Она заученно отчеканила последние слова, видимо не раз интересуясь подобным вопросом и перемалывая его.
– Но ведь вы уже давали показания как квартирная хозяйка по делу покушения на Алексея, – возмутилась Соня, – и никто не поднял вопроса о ваших налогах.
– Так и нечего на рожон лезть. Начнут копать, поднимут. Не слишком ли много происшествий в одной квартире? Никого я вызывать не буду, тем более вы съезжаете.
Девушки уложили Сонины вещи в пакеты, вещи Алексея – в коробки. В скором времени должен был подъехать Роман, помочь с погрузкой. Оля радовалась дополнительным полезным предметам: утюгу, новеньким кастрюлькам, с нежной росписью тарелочкам, аккуратненьким дорогим чашкам для кофе и прочим изящностям быта. Хозяйка, ожидая ключ, любезно согласилась заняться разморозкой холодильника. Соня собиралась выбросить оставшиеся продукты, но Ольга запротестовала. Она не могла позволить такой роскоши не только себе, но и другим, даже после знакомства с москвичом Романом. Положила молоко и баночку с кофе в свою сумку. Остатки круп тоже не остались без внимания и были благополучно уложены.
На солнечном пляже волнение девушек немного улеглось, но расслабиться и наслаждаться общением уже никто не мог. И хотя Оксане не приходилось до сегодняшнего момента оказаться в роли души компании ровесников, она без удивления, разве что только с удовольствием, ловила восхищенные взгляды и желание молодых людей поинтересоваться ее мнением скорее других. Соня также привлекала внимание, но поддерживала разговор неохотно, а Оленька, прильнув к плечу избранника, наслаждалась его присутствием в своей жизни. Когда же распаленный тонким умом, красотой в огранке, какая встречается лишь в голливудских картинах, а более всего холодной высокомерностью и самодостаточностью, один из молодых людей отозвал Оксану в сторону и стеснительно открылся ей, она не повела и бровью и вежливо отказала. Ей доставило удовольствие быть неприступной и оттого мучительно желаемой.

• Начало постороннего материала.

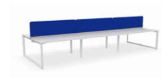
Straightline Two Sided Triple
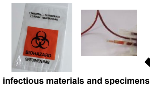
infectious materials and specimens

Вы, конечно, обратили внимание, что я не описываю подробно эту сцену, где прежняя Оксана, несомненно, впитала бы каждый нюанс, стремясь постичь все тонкости человеческих отношений, волновалась бы, едва избавившись от социофобии, анализировала бы свои ощущения и так далее, в духе одномерного, как чистый лист, взгляда на жизнь. Ей больше было незачем теперь искать во взглядах, словах, поступках людей подтверждения значимости своей сущности. Это они пропитывались ее уверенностью, подсознательно приходя к мнению, что она важная птица, никак не меньше. Если бы красавица Соня не сидела с опущенными плечами и депрессивным взглядом, то наверняка была бы легкой и такой же привлекательной в общении. Но в Оксане чувствовалась едва уловимая недосягаемость, не от бестактно выраженной скуки к молодым людям, а от собственного её неведения этой черты в себе.
* * *
Мастера все еще не было и вестей от него тоже. Оксана поплескалась в джакузи и легла в постель, включив телевизор. Она вся была в противоречивых эмоциях под впечатлением от криминального утра и от не дающей ей покоя страшной тайны, возможно, существующей в прошлом сестры. Она уже стала засыпать под последние нотки включенного на таймер телевизора, как в ее дверь постучали, и вошла Полина.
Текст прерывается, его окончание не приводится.